This article is a continuation of a series by Demand Real Journalism. There are links at the bottom to the rest of the series.
4. Ownership rules were loosened by the government, so now, a small handful of companies own all the media. There is no diversity and these companies often use their media outlets to promote their agenda.
Once upon a time, there was diversity in media ownership. Not anymore. A small handful of companies control virtually all the news media. This situation changed over the years for two main reasons:
- Government relaxed ownership rules.
- Media profits are small, so the smaller operations could not compete and they sold out to the larger operations.

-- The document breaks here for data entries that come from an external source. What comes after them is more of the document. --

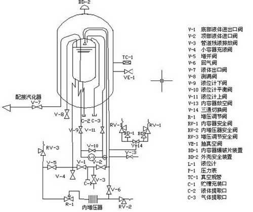 2.1.7在充灌液体期间,应注意贮槽压力表P-1。若贮槽内容器压力上升至超过供液压力或接近贮槽的正常工作压力,应打开内容器放空阀V-13,使贮槽放气泄压。
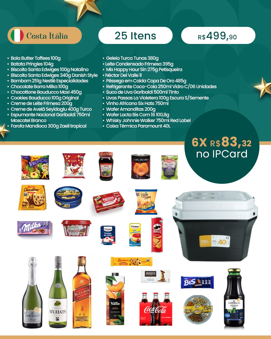 Condições especiais para empresas.Para mais informações sobre as cestas, encomendas ou orçamentos, entre em contato com o Irani através do Canal de Atendimento via WhatsApp (45) 9907-1500.
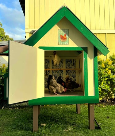 At Capps’ Custom Coops LLC, we create stylish, durable chicken coops tailored for you, ensuring your pampered flock live in luxury. Based on the beautiful island of Oʻahu, we specialize in crafting high-quality, custom-built chicken coops designed to suit your needs and Hawaii’s unique climate. Whether you’re a backyard farmer or just starting your flock, we’re here to provide durable, functional, and stylish coops to keep your chickens happy and healthy.

I promise you that whoever owns the news outlet has a huge influence on the news it produces. Theoretically, it is not supposed to be that way, but in practice that’s how it works. I’m not saying an owner controls every story that goes out, but they definitely control the tone of the overall message.
Occasionally, like in the case of MSNBC, the owners have decided it is in their financial best interests to allow a news product that does NOT overtly support their agenda, but that is rare. I’ve known of many instances, in talk radio especially, when the owners stuck with a highly conservative agenda and got rid of liberal hosts even though they were popular and got good ratings.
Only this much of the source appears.